To talk about density you need a topology. Since $M_n(\mathbb{C})$, the space of complex $n\times n$ matrices is finite-dimensional, a very natural notion of convergence is entry-wise; so we can consider the metric $$ d(A,B)=\max\{ |A_{kj}-B_{kj}|\ : k,j=1,\ldots,n\}, \ \ \ A,B\in M_n(\mathbb{C}). $$ It is not hard to check that for any matrix $C$, $$ d(CA,CB)\leq d(A,B)\,\sum_{k,j=1}^n |C_{kj}|, $$ and the same inequality holds for multiplication on the right (this will be used in the last inequality below).

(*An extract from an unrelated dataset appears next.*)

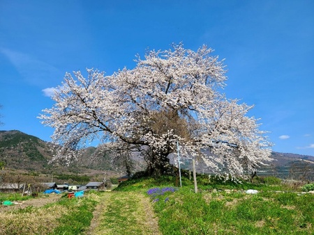古墳の上に立つ一本の桜。里山と田畑が広がる、気づかなければ通り過ぎてしまいそうな場所にありながら、思わず見上げてしまうほど、一本とは思えない迫力があります。周囲を遮るものがなく、大きく枝を広げたその向こうには広い空と伊吹山を望めます。民家や畑も近く、人の暮らしと自然がほどよい距離間で共存する、米原市らしい風景が見られます。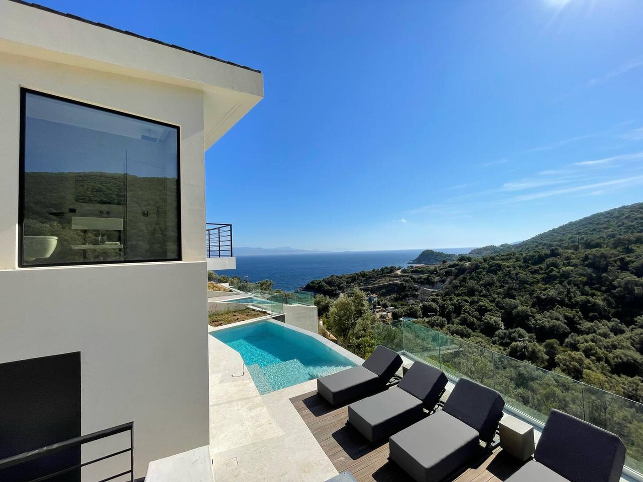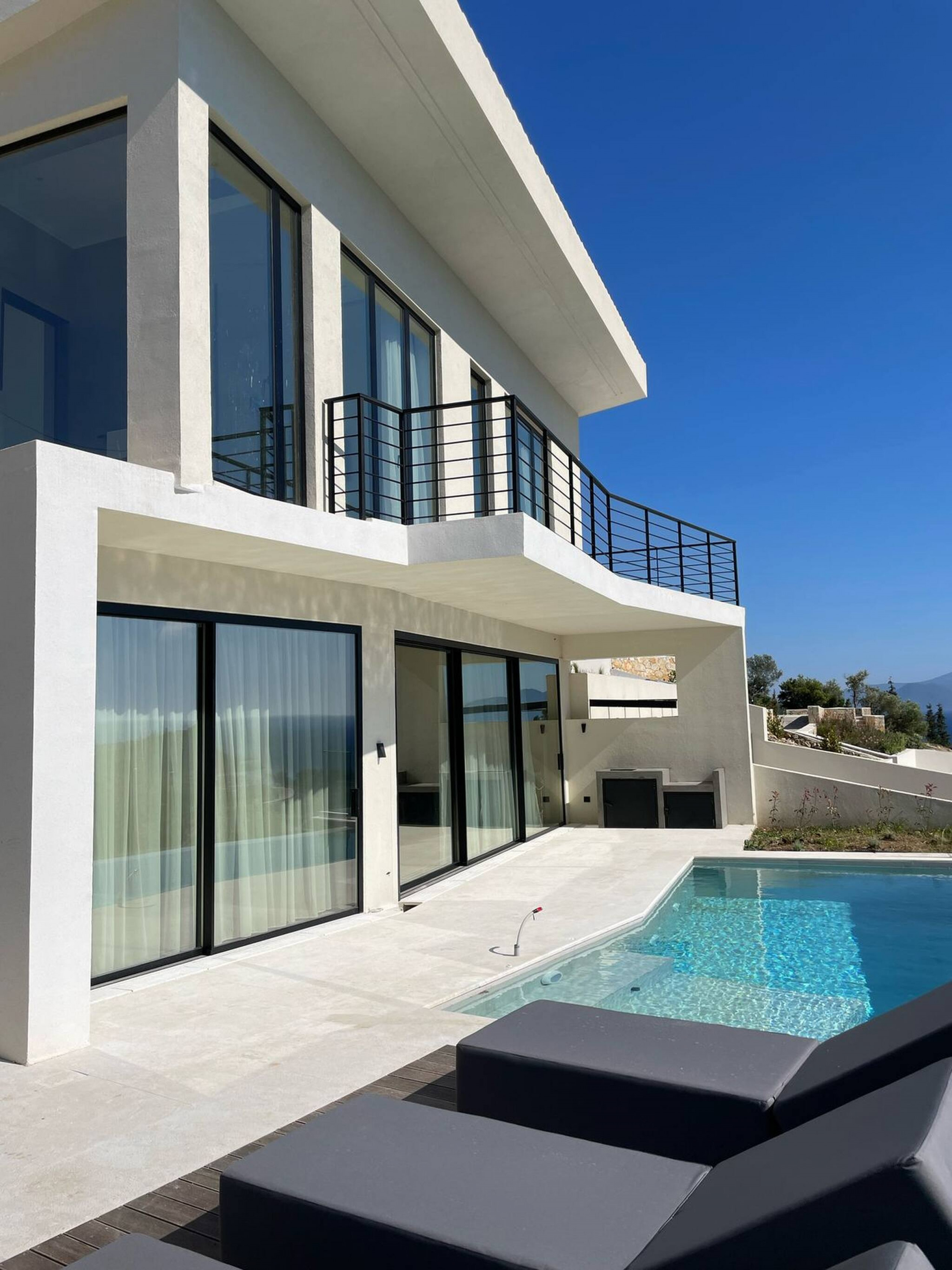 Private pool, sun loungers, sun cushions, outdoor lounge, outdoor dining, BBQ, seafront access, private parking

Now take any $A\in M_n(\mathbb{C})$. Let $J$ be its Jordan canonical form; then there exists a non-singular matrix $S$ such that $J=SAS^{-1}$. Fix $\varepsilon>0$. Let $$ m=\left(\sum_{k,j=1}^n |S_{kj}|\right)\,\left(\sum_{k,j=1}^n |(S^{-1})_{kj}|\right) $$

Now, the matrix $J$ is upper triangular, so its eigenvalues (which are those of $A$) are the diagonal entries. Let $J'$ be the matrix obtained from $J$ by perturbing the diagonal entries of $J$ by less than $\varepsilon/m$ in such a way that all the diagonal entries of $J'$ are distinct.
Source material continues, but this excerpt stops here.